Re: [RFC][PATCH] fanotify: introduce filesystem view mark

Jan Kara <jack@xxxxxxx> · Thu, 26 Nov 2020 12:10:36 +0100

On Wed 25-11-20 14:34:16, Amir Goldstein wrote:
> On Wed, Nov 25, 2020 at 1:01 PM Jan Kara <jack@xxxxxxx> wrote:
> > In fact I was considering for a while that we could even make subtree
> > watches completely unpriviledged - when we walk the dir tree anyway, we
> > could also check permissions along the way. Due to locking this would be
> > difficult to do when generating the event but it might be actually doable
> > if we perform the permission check when reporting the event to userspace.
> > Just a food for thought...
> 
> Maybe... but there are some other advantages to restricting to mount.
> 
> One is that with btrfs subvolumes conn->fsid can actually cache the
> subvolume's fsid and we could remove the restriction of -EXDEV
> error of FAN_MARK_FILESYSTEM on subvolume.

I'm not sure I understand this - do you mean we could support
FAN_MARK_FILESYSTEM_SUBTREE on btrfs subvolumes? I agree with that. I'm
just not sure how subtree watches are related to general
FAN_MARK_FILESYSTEM marks on btrfs...

> Another has to do with performance optimization (see below).

This is a good point. Also we can start with supporting subtree watches
only for mountpoints and if there's a need and reasonable way to do it we can
always expand the support to any directory.

> > > > Also I think this is going to get expensive
> > > > (e.g. imagine each write to page cache having to traverse potentially deep
> > > > tree hierarchy potentially multiple times - once for each subtree). My
> > > > suspicion should be verified with actual performance measurement but if I'm
> > > > right and the overhead is indeed noticeable, I think we'll need to employ
> > > > some caching or so to avoid repeated lookups...
> > >
> > > It's true, but here is a different angle to analyse the overhead - claim:
> > > "If users don't have kernel subtree mark, they will use filesystem mark
> > >  and filter is userspace". If that claim is true, than one can argue that
> > > this is fair - let the listener process pay the CPU overhead which can be
> > > contained inside a cgroup and not everyone else. But what is the cost that
> > > everyone else will be paying in that case?
> > > Everyone will still pay the cost of the fanotify backend callback including
> > > allocate, pack and queue the event.
> > > The question then becomes, what is cheaper? The d_ancestor() traversal
> > > or all the fanotify backend handler code?
> > > Note that the former can be lockless and the latter does take locks.
> >
> > I understand and it's a fair point that queueing of the event is not cheap
> > either so I'd be interested in the numbers. Something like how deep subtree
> > walk is similar to a cost of queueing event. Or similarly checking of how many
> > subtree watches is similarly costly as queueing of one event?
> >
> 
> The cost shouldn't actually be sensitive to the number of subtree watches.
> We should never do more than a single ancestor traversal per event up to
> it's sb root and for each ancestor we should be able to check with O(1) if
> a subtree watch exists on that inode/dentry.

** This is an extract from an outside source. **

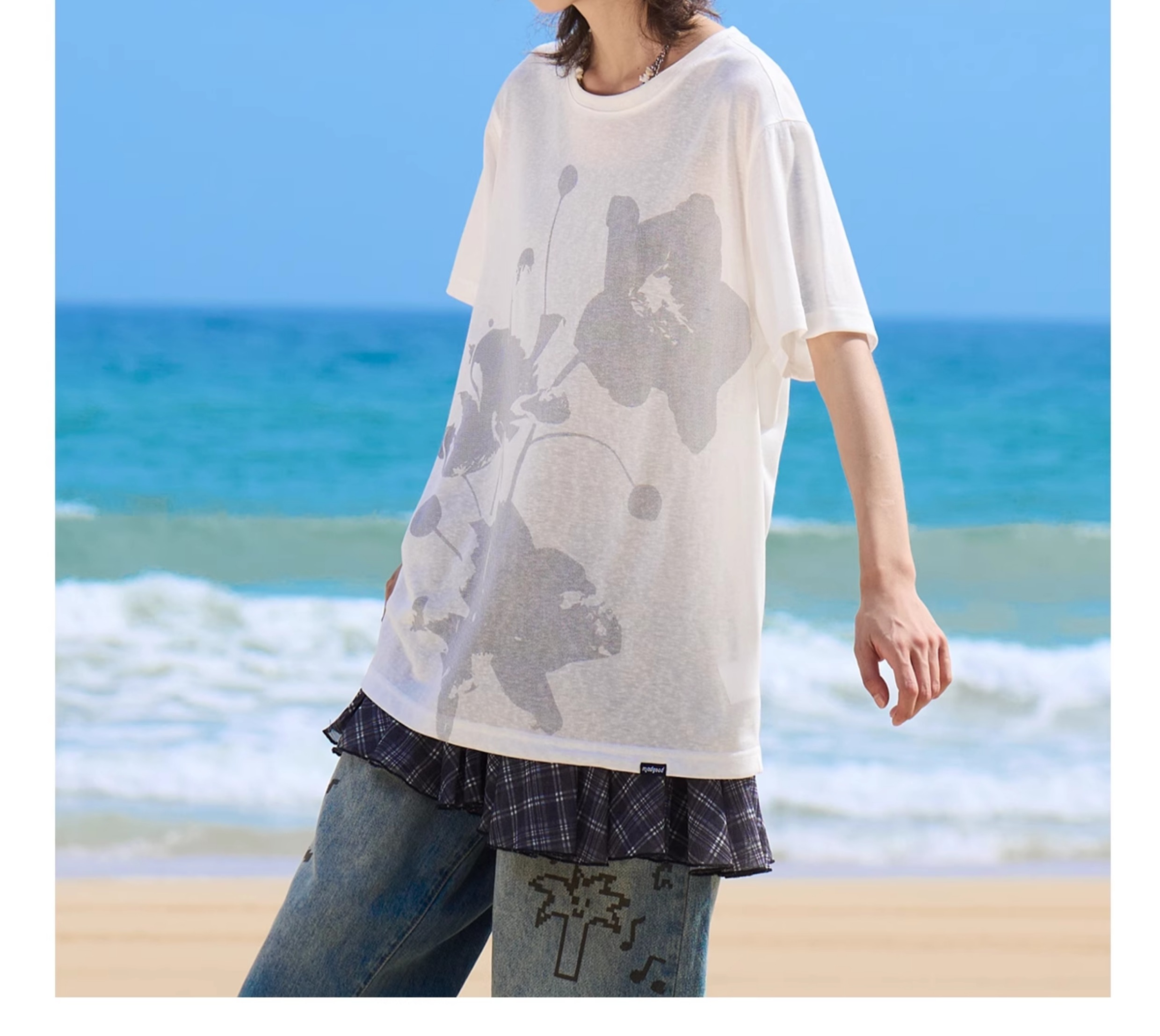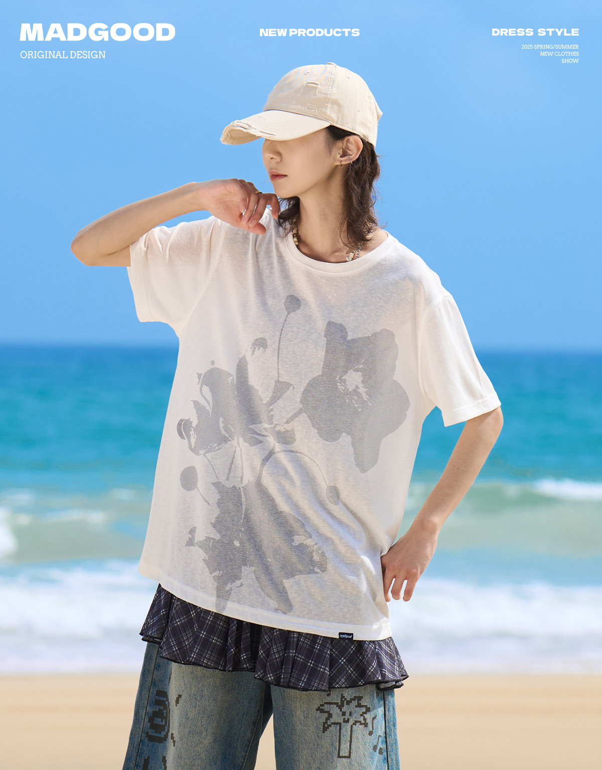 马得工地/MDGDTX12016/花卉印花低克重雪花棉T恤

Yeah, if the subtree check will not depend on the number of watched
subtrees on the sb (i.e., single traversal and O(1) checks on each dentry)
then I'm much more relaxed about it ;).

> If we stay with the bind mount restriction then we can use the check
> d_mountpoint() on every ancestor which practically reduces the cost per
> ancestor to zero in most cases.

Yep, even better. Although now that I'm thinking about it, if we use
connector of the directory inode for subtree root to cache info whether it
is a root of a subtree for some watch, we can still do O(1) check for any
dir pretty easily. But d_mountpoint() is even cheaper (more likely to be
cache hot).

> > > I have a pretty good bet on the answer, but as you say only actual performance
> > > benchmarks can tell.
> > >
> > > From my experience, real life fsevent listeners do not listen on FAN_MODIFY
> > > but they listen on FAN_CLOSE_WRITE, because the the former is too noisy.
> >
> > Agreed.
> >
> > > The best case scenario is that users step forward to say that they want to
> > > use fanotify but need the subtree filterting and can provide us with real life
> > > performance measurement of the userspace vs. kernel alternatives (in terms
> > > of penalty on the rest of the system).
> >
> > With the cost of having to go to userspace and there do essentially the same
> > subtree walk as you do in the kernel, I have no doubt what's going to be
> > faster (by orders of magnitude). What I'm somewhat uncertain is whether the
> > subtree check is OK at the time of event generation or whether it should
> > better be moved to the moment when we are about to report the event to
> > userspace (when the cost of the subtree check goes to the process
> > interested in the event which is fine - but as you properly note we already
> > had to pay the cost of queueing the event so it isn't clear this is a win
> > even for the processes generating events).
> >
> 
> I think the only semantics that make sense are:
> 
> * If all object's present and past ancestors were always under subtree -
>    guaranty to get an event
> * If all object's present and past ancestors were never under subtree -
>    guaranty to not get an event
> * Otherwise - undefined
> 
> So I think it is ok to check for subtree on event generation time.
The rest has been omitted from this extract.